> **Data shown**
-- Opening Marker --
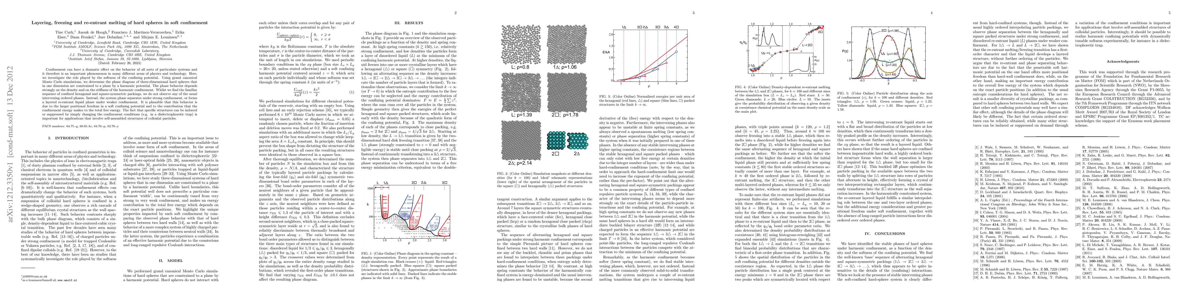 Confinement can have a dramatic effect on the behavior of all sorts of particulate systems and it therefore is an important phenomenon in many different areas of physics and technology. Here, we investigate the role played by the softness of the confining potential. Using grand canonical Monte Carlo simulations, we determine the phase diagram of three-dimensional hard spheres that in one dimension are constrained to a plane by a harmonic potential. The phase behavior depends strongly on the density and on the stiffness of the harmonic confinement. Whilst we find the familiar sequence of confined hexagonal and square-symmetric packings, we do not observe any of the usual intervening ordered phases. Instead, the system phase separates under strong confinement, or forms a layered re-entrant liquid phase under weaker confinement. It is plausible that this behavior is due to the larger positional freedom in a soft confining potential and to the contribution that the confinement energy makes to the total free energy. The fact that specific structures can be induced or suppressed by simply changing the confinement conditions (e.g. in a dielectrophoretic trap) is important for applications that involve self-assembled structures of colloidal particles.
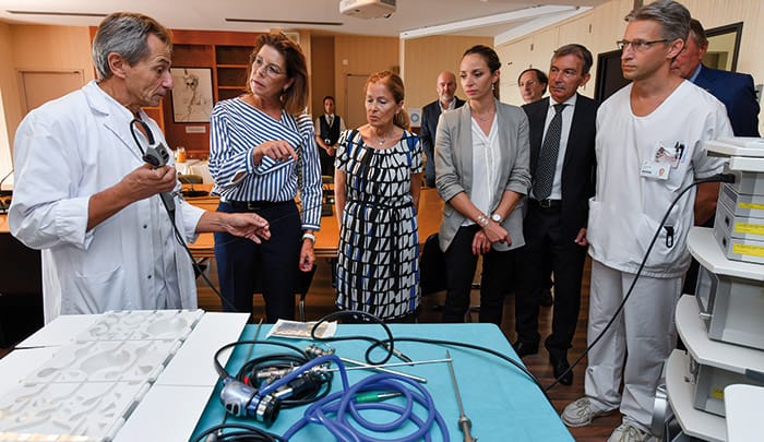 88000 euros, c’est la somme récoltée par le groupement des entreprises monégasques (GEMLUC) lors de la soirée des Euros de l’Espoir. Cet argent a permis de financer l’acquisition de trois équipements pour soutenir la prise en charge des cancers en urologie au sein du centre hospitalier Princesse Grace (CHPG). Mercredi 19 septembre, c’est en présence de la princesse Caroline de Hanovre qu’ils ont été présentés. Il s’agit d’un utéroscope (endoscope souple), une sonde d’échographie coelioscopique pour robot chirurgical, ainsi que des équipements complémentaires pour le laser chirurgical d’urologie. Depuis sa création en octobre 1973, le Gemluc a récolté plus de 1,6 million d’euros pour la lutte contre le cancer. Des sommes souvent distribuées en subventions pour la recherche ou en bourses d’études, mais également en matériels de soins et de prévention contre le cancer.
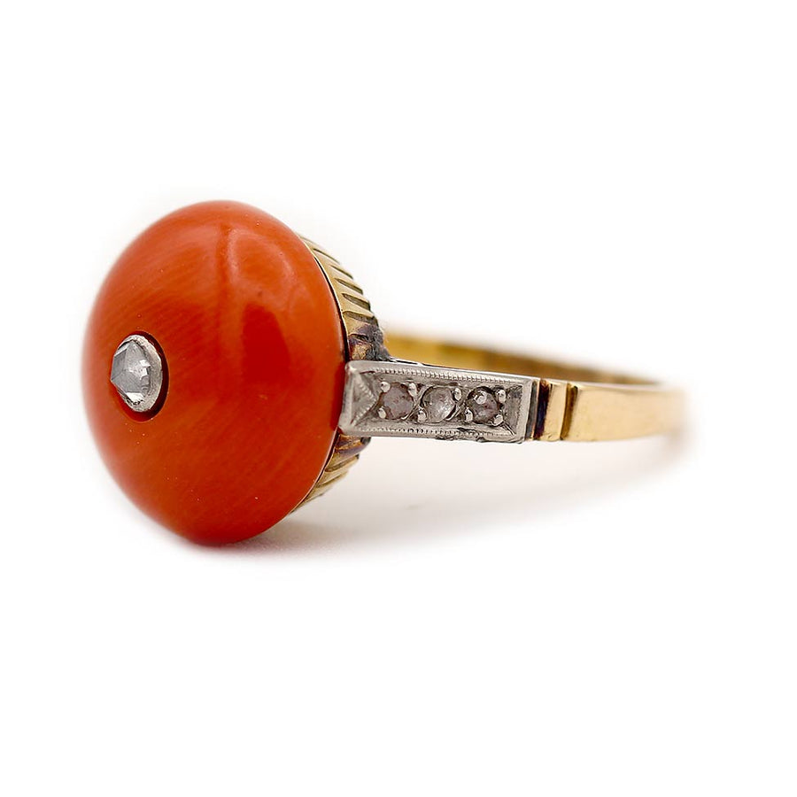 The Fain ring is an authentic Victorian coral engagement ring circa 1900's. This ring features a deep orange-salmon cabochon coral centered by a dainty vintage rose cut diamond, and is flanked by six rose cut diamond accents. Beautifully crafted in 18 kt two-tone gold and accentuated with delicate milgrain and filigree engravings. In very good condition.
-- Closing Marker --
Write out the lines from the start of the material to the line with "88000 euros, c’est", inclusive and exactly. Skip the pictures.

 Confinement can have a dramatic effect on the behavior of all sorts of particulate systems and it therefore is an important phenomenon in many different areas of physics and technology. Here, we investigate the role played by the softness of the confining potential. Using grand canonical Monte Carlo simulations, we determine the phase diagram of three-dimensional hard spheres that in one dimension are constrained to a plane by a harmonic potential. The phase behavior depends strongly on the density and on the stiffness of the harmonic confinement. Whilst we find the familiar sequence of confined hexagonal and square-symmetric packings, we do not observe any of the usual intervening ordered phases. Instead, the system phase separates under strong confinement, or forms a layered re-entrant liquid phase under weaker confinement. It is plausible that this behavior is due to the larger positional freedom in a soft confining potential and to the contribution that the confinement energy makes to the total free energy. The fact that specific structures can be induced or suppressed by simply changing the confinement conditions (e.g. in a dielectrophoretic trap) is important for applications that involve self-assembled structures of colloidal particles.
 88000 euros, c’est la somme récoltée par le groupement des entreprises monégasques (GEMLUC) lors de la soirée des Euros de l’Espoir. Cet argent a permis de financer l’acquisition de trois équipements pour soutenir la prise en charge des cancers en urologie au sein du centre hospitalier Princesse Grace (CHPG). Mercredi 19 septembre, c’est en présence de la princesse Caroline de Hanovre qu’ils ont été présentés. Il s’agit d’un utéroscope (endoscope souple), une sonde d’échographie coelioscopique pour robot chirurgical, ainsi que des équipements complémentaires pour le laser chirurgical d’urologie. Depuis sa création en octobre 1973, le Gemluc a récolté plus de 1,6 million d’euros pour la lutte contre le cancer. Des sommes souvent distribuées en subventions pour la recherche ou en bourses d’études, mais également en matériels de soins et de prévention contre le cancer.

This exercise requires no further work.